• **WHAT YOU NEED TO DO**
Shown below are entries with pictures; the line with "METALLIC Rose Gold LS.MM.RO" through the line with "Różnica pomiędzy kwotą" is the span to retype exactly, and the pictures stay out.

• **DATASET ENTRIES**
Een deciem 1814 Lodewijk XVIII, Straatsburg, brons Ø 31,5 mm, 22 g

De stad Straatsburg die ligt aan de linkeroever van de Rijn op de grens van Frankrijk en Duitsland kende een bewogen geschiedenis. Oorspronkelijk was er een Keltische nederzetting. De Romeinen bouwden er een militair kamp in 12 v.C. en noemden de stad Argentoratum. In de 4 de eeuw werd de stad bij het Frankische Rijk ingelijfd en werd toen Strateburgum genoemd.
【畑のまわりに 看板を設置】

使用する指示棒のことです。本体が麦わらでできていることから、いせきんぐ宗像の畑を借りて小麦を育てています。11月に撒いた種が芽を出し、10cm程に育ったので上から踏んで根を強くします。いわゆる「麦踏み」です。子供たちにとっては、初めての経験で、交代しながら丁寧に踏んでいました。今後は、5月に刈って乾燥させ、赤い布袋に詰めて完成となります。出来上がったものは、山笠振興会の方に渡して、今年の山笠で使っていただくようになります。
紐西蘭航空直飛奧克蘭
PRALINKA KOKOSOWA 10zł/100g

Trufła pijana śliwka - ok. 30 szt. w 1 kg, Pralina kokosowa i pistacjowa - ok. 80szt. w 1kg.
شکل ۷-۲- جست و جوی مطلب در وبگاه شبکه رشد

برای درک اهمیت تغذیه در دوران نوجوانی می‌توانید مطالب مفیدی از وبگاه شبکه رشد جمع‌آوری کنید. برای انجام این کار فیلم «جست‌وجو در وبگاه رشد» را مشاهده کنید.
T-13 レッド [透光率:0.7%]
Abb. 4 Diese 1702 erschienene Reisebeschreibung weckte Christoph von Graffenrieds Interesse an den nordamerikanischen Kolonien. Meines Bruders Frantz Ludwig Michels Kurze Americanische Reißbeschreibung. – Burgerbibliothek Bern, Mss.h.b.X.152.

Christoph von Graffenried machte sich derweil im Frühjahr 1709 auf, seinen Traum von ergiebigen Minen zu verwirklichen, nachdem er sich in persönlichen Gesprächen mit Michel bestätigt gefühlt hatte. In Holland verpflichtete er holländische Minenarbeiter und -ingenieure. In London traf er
...
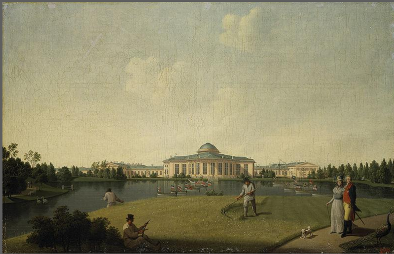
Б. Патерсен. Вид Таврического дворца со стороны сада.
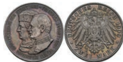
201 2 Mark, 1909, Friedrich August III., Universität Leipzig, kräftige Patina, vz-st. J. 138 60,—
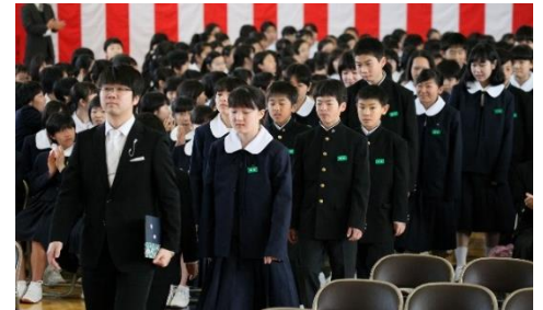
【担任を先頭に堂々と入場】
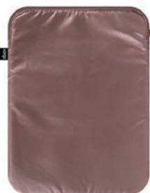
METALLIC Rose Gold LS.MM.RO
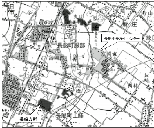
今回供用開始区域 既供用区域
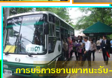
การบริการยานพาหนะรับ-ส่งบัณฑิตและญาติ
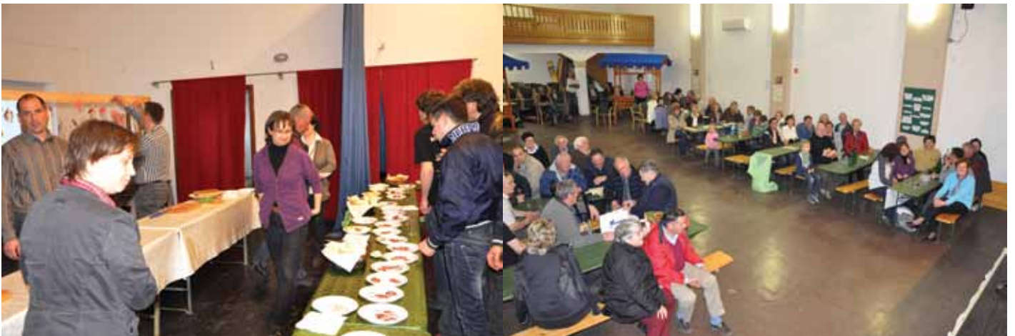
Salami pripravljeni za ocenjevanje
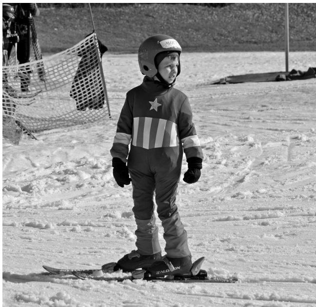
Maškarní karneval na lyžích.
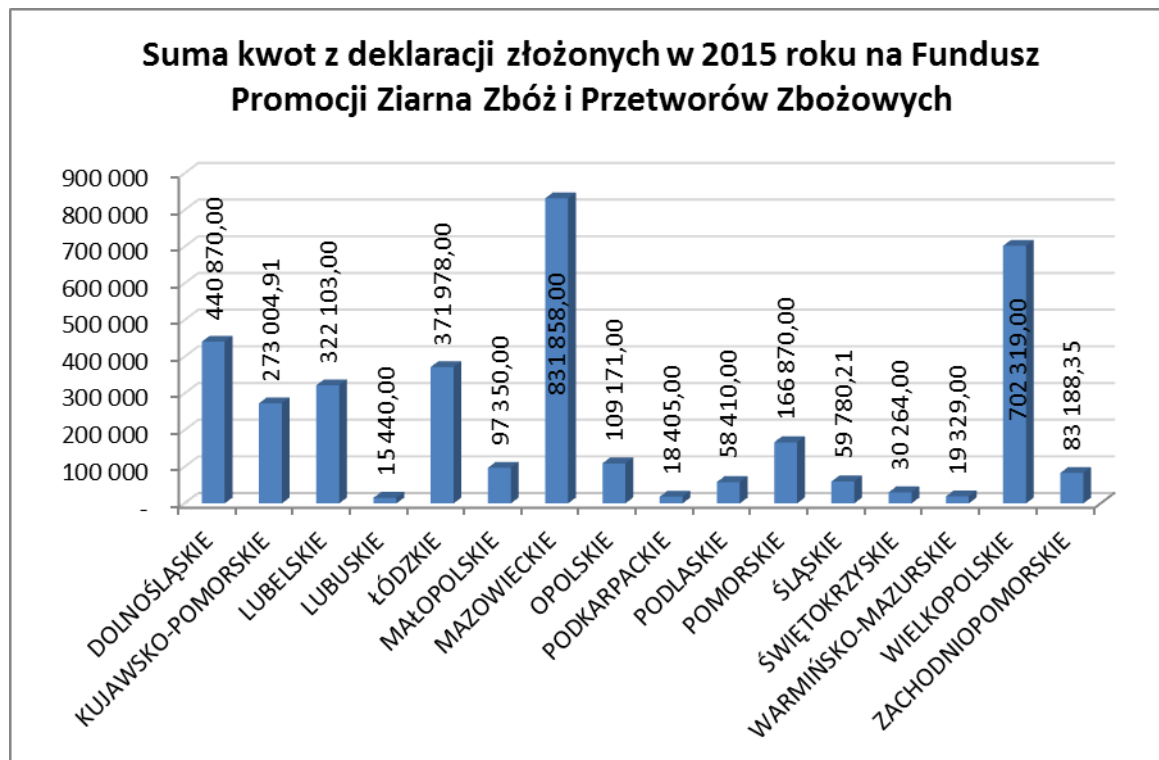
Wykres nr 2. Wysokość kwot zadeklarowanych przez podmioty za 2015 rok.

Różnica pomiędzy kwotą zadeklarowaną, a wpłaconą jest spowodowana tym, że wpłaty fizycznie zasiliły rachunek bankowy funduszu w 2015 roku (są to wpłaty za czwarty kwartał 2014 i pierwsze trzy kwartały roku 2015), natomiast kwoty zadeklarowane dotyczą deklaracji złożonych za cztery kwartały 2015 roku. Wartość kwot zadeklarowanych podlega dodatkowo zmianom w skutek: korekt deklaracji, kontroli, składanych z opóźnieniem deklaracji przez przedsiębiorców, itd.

• **RESULT BELOW**
METALLIC Rose Gold LS.MM.RO
今回供用開始区域 既供用区域
การบริการยานพาหนะรับ-ส่งบัณฑิตและญาติ
Salami pripravljeni za ocenjevanje
Maškarní karneval na lyžích.
Wykres nr 2. Wysokość kwot zadeklarowanych przez podmioty za 2015 rok.

Różnica pomiędzy kwotą zadeklarowaną, a wpłaconą jest spowodowana tym, że wpłaty fizycznie zasiliły rachunek bankowy funduszu w 2015 roku (są to wpłaty za czwarty kwartał 2014 i pierwsze trzy kwartały roku 2015), natomiast kwoty zadeklarowane dotyczą deklaracji złożonych za cztery kwartały 2015 roku. Wartość kwot zadeklarowanych podlega dodatkowo zmianom w skutek: korekt deklaracji, kontroli, składanych z opóźnieniem deklaracji przez przedsiębiorców, itd.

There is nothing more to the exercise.